Une pollution de l’air majeure
Charbel Afif, expert en pollution de l'air et chef du département de chimie à la faculté des sciences de l'Université Saint-Joseph de Beyrouth, souligne les conséquences des incendies sur la qualité de l'air. «De grandes quantités de polluants sont libérées dans l'atmosphère lors de ces sinistres. Les particules fines ou PM sont les polluants les plus visibles dans ces situations, notamment lors d’incendies d’ampleurs aussi grandes que ceux du Akkar (95 hectares cette année NDLR) où l’on observe des pics de concentration de PM», explique l’expert.
Du point de vue de la santé, la combustion de la biomasse telle que le bois, les déchets agricoles et les résidus forestiers peut générer des émissions toxiques, notamment des particules fines, du dioxyde de carbone, du monoxyde de carbone et des composés organiques volatils.

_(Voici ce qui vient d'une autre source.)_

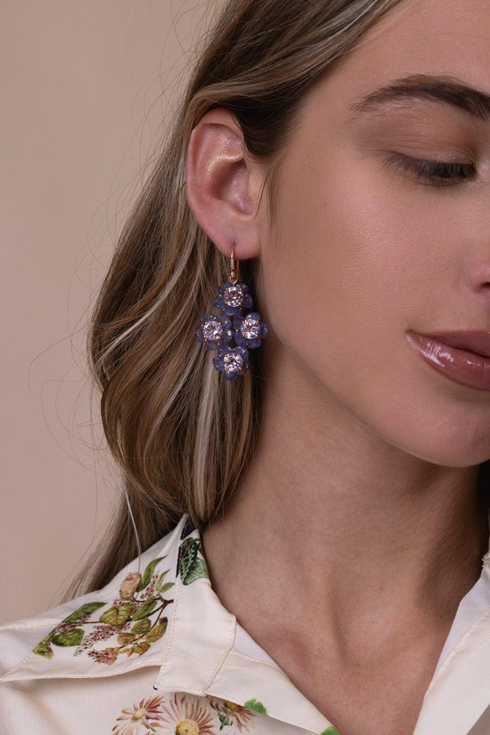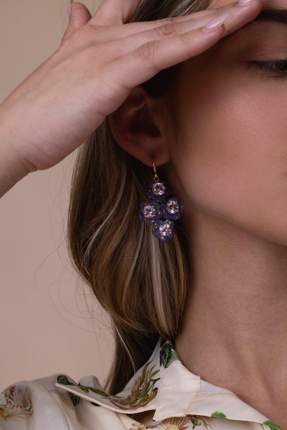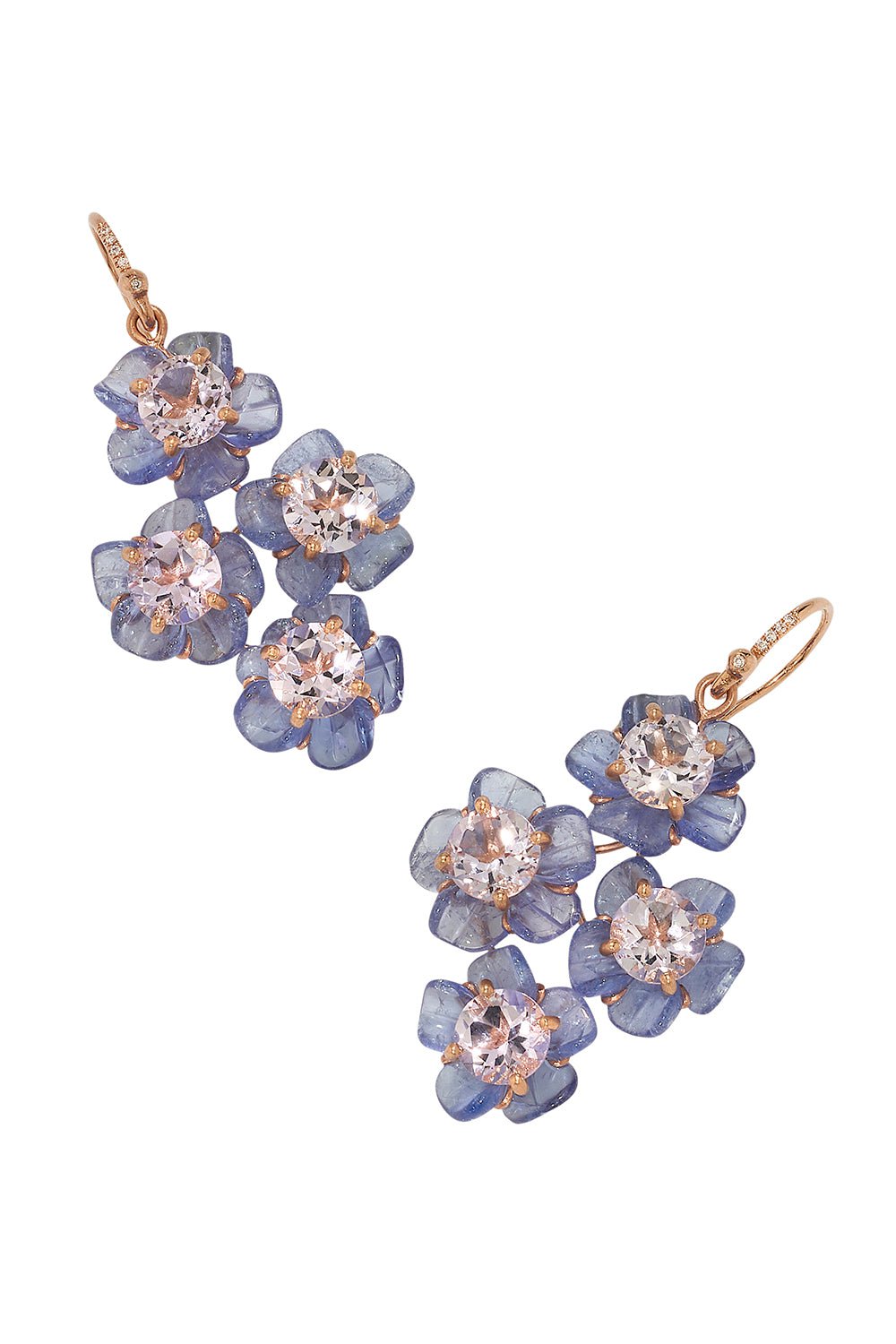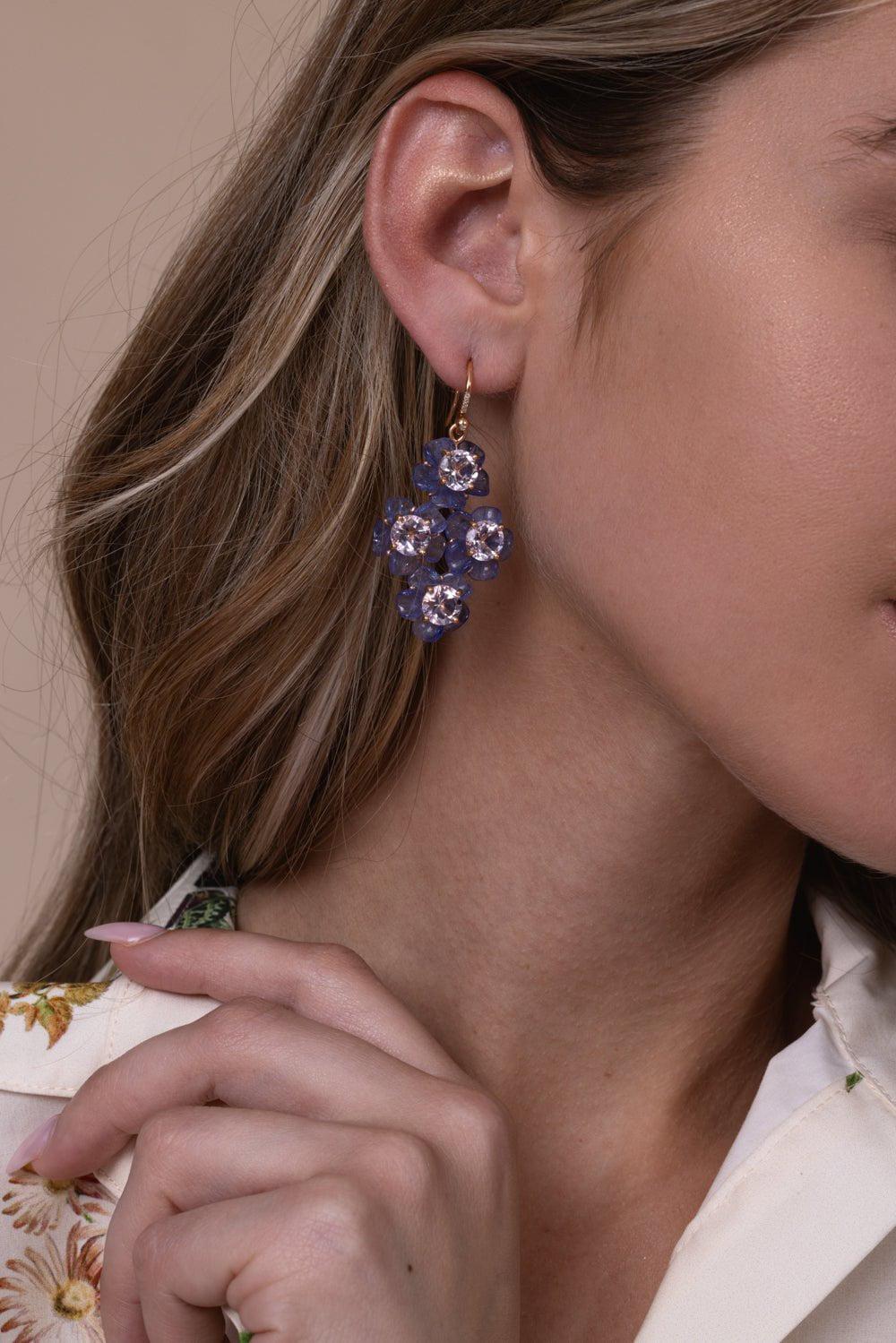 Irene Neuwirth tropical flower tanzanite drop earrings in rose gold.

M. Afif souligne «les effets néfastes de ces émissions sur les systèmes respiratoire et cardiovasculaire». «Elles peuvent entraîner des maladies telles que l'asthme, la bronchite, les maladies cardiaques et le cancer du poumon», explique-t-il.
Appel à l'action: sauver le Akkar
Face à ces menaces imminentes, il est impératif que les autorités locales, les organismes environnementaux et la population se mobilisent pour préserver les joyaux naturels du Akkar. Voici quelques mesures essentielles qui peuvent être prises:
Renforcement des lois et des mesures de protection de l'environnement: il est nécessaire d'appliquer strictement les lois existantes et de renforcer les sanctions contre la déforestation illégale et les incendies criminels. Des patrouilles régulières dans les zones forestières sensibles peuvent dissuader les activités illégales.
Sensibilisation et éducation: il est crucial de sensibiliser la population locale, en particulier les jeunes, sur l'importance de préserver l'environnement et la biodiversité. Des programmes éducatifs et des campagnes de sensibilisation peuvent encourager une prise de conscience et un engagement en faveur de la protection des forêts.
Collaboration entre les autorités et les communautés locales: les autorités doivent travailler en étroite collaboration avec les communautés locales pour élaborer et mettre en œuvre des initiatives de conservation de l'environnement. L'implication et la participation des habitants sont essentielles pour assurer la durabilité des actions entreprises.
Promotion du tourisme durable: le Akkar possède un énorme potentiel en matière de tourisme écologique. En promouvant le tourisme durable, les autorités peuvent créer des opportunités économiques alternatives tout en préservant les écosystèmes forestiers. Des initiatives telles que des sentiers de randonnée, des visites guidées respectueuses de l'environnement et des hébergements écologiques peuvent être développées.